Fare del terrorismo, terremotare ogni enunciato, dissestarlo, de-costruirlo, smobilitarlo.

Fare del terrorismo all’interno di ogni enunciato è un lavoro serissimo, che dovrebbe appartenere al bagaglio di ciascun poeta, perché oggi non si può adottare un significato così come ce lo consegna già confezionato il sistema delle emittenti linguistiche.»
*
[tutti i versi sulla “struttura dissipativa” della Colasson presenti nella Storia di una pallottola n. 11 sono scaturiti da queste riflessioni psico-artistico-estetiche di Giorgio Linguaglossa.]

(Marie Laure Colasson)

*

su “Marie Laure Colasson, Struttura dissipativa Z, acrilico, 55×35 cm., 2015”

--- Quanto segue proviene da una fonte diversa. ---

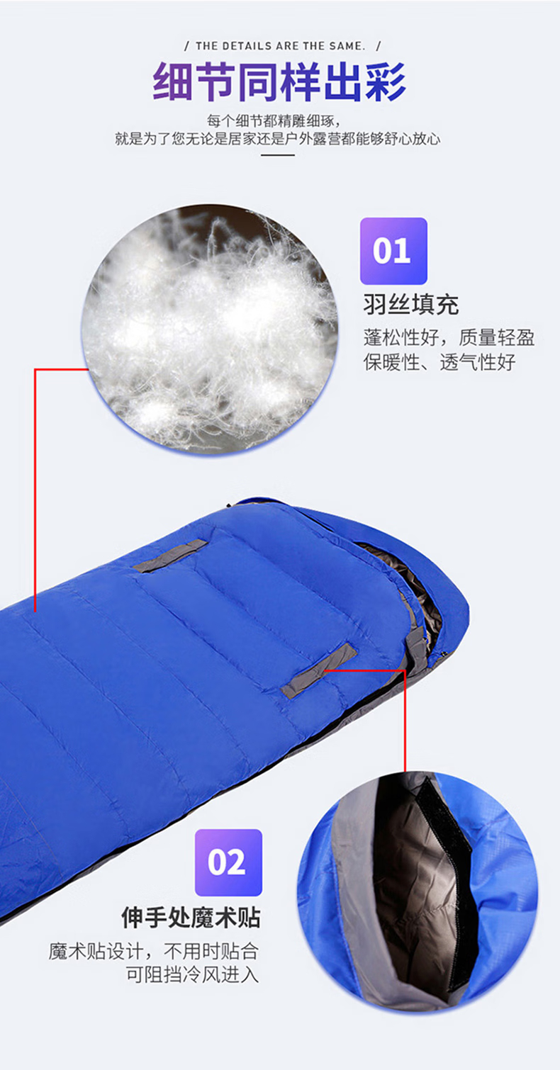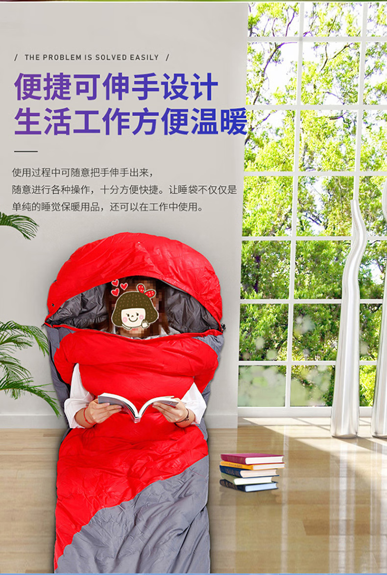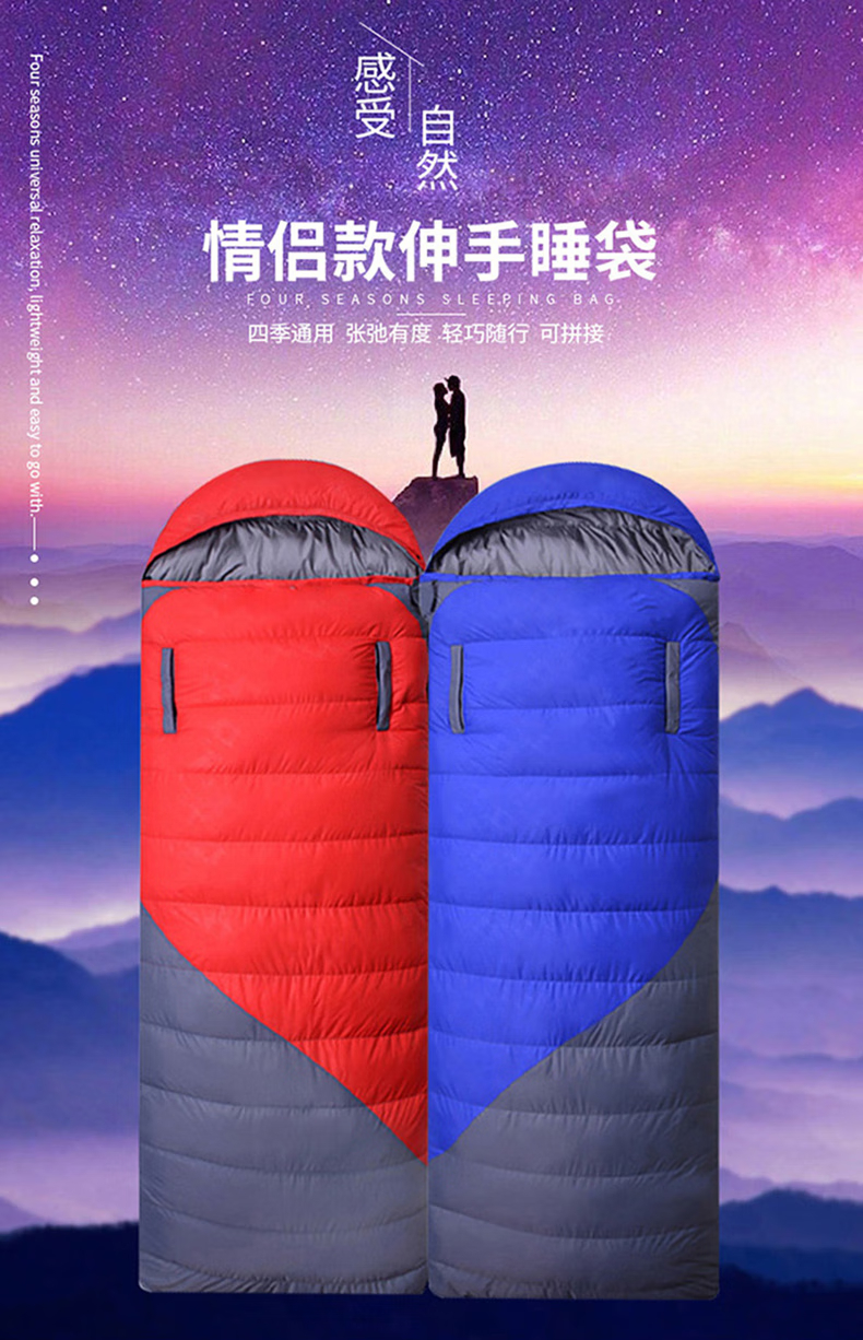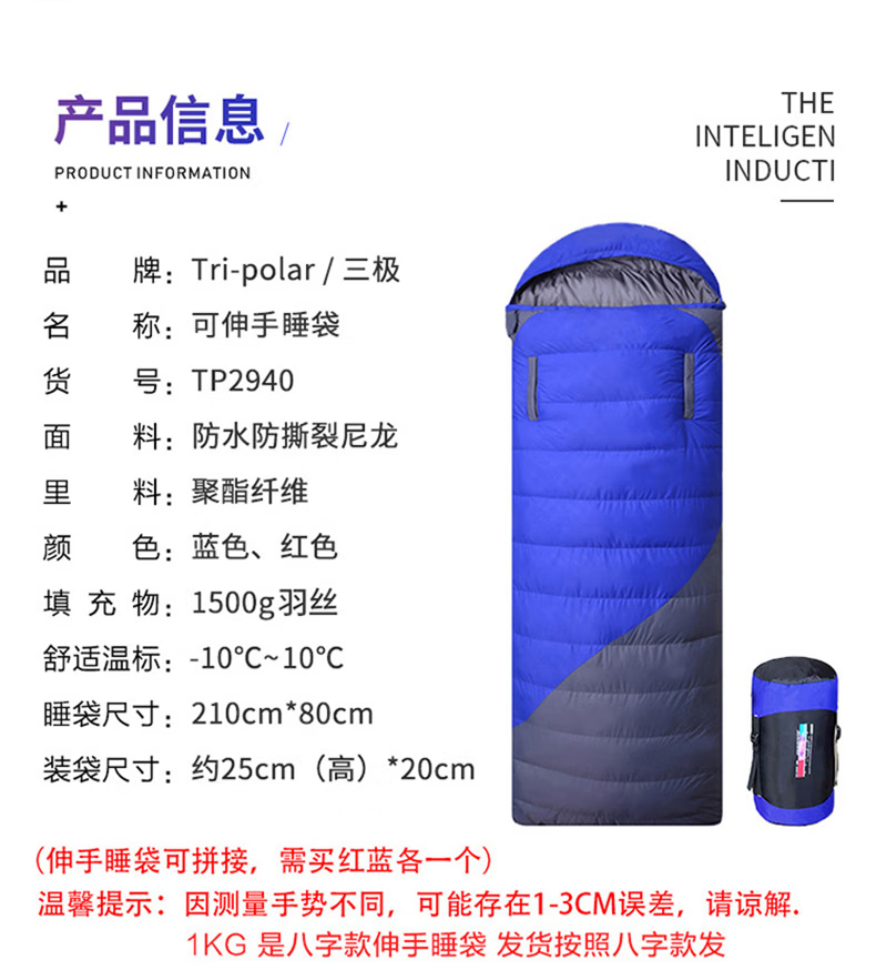 三极户外 可伸手羽丝睡袋 TP2940 红色 羽丝1kg 210*80cm 1个

“[…] Tutto ciò il quadro lo raffigura in modo traslato e intersemico e lo convoca in una struttura auto sufficiente e auto immune, erige la propria struttura difensiva e ostensiva perfettamente in grado di rendersi indifferente ed estranea alla prassi, perché la felicità non è nella prassi ma al di là della prassi, al di là della storia. La sola felicità compossibile è quella che è contenuta nella prassi di una struttura dissipativa come atto di negazione del tutto.

Scrive Adorno nella Teoria estetica: «la forza della negatività nell’opera d’arte dà la misura dell’abisso fra prassi e felicità».